Species of gastropod

Pseudostreptaxis azpeitiae is a species of small land snail with an operculum, terrestrial pulmonate gastropod mollusc in the family Cyclophoridae.

==Description==
The diameter of the shell varies between 2.5 mm and 3 mm, its height attains 2 mm.

(Original description) The shell is openly umbilicated and possesses a convex-depressed shape. It is thin, scarcely striated, and lacks a shine; it is only slightly pellucid and has a brownish-horn color. The spire is irregular and takes a depressed, scalariform (staircase-like) shape, terminating in a relatively sharp apex. The suture is simple.

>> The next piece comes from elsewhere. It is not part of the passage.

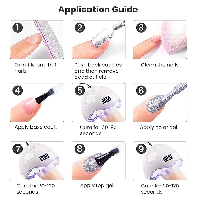 - EASY APPLICATION LONG LASTING: This glitter rainbow gel polish is long lasting for 21+ days with perfect shine under proper application. Highly recommend a minimum of 60 seconds with a LED light and 2 minutes with a UV lamp for each layer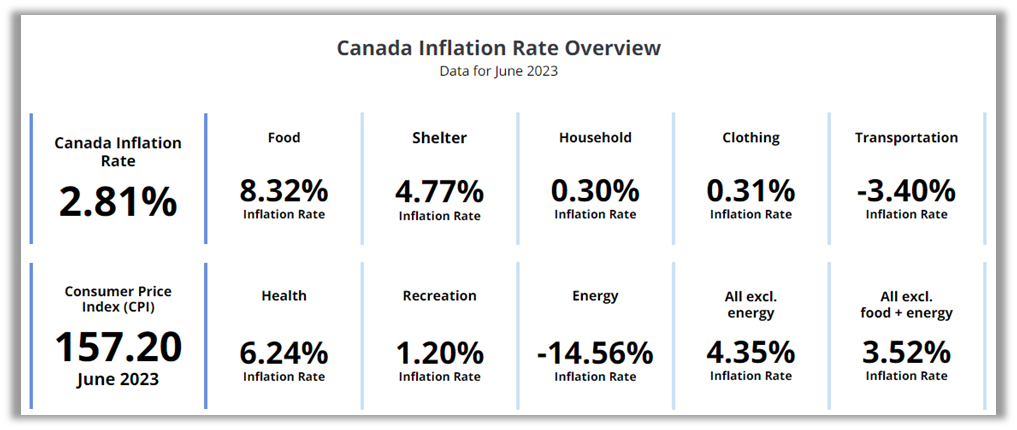 在經歷了最近幾年的物價飛漲之后,加拿大的通貨膨脹率已回到目標范圍。加拿大統計局的報告稱, 繼今年5月份的通脹率為3.4%之后,6 月份通脹率降至2.8%,遠低于去年夏天8.1%的的峰值

There are five whorls, which are flat on their upper surface. At the periphery, they are obtusely angular, with the angle projecting above the suture. The body whorl is convex at the base and either rounded or only slightly angular at the periphery. It is neither deflected at the front nor detached, though it is somewhat constricted behind the opening. Unlike several species in the family Hypselostomatidae that are solute (detached), this species is adnato, meaning the upper part of the aperture remains firmly fused to the body of the shell.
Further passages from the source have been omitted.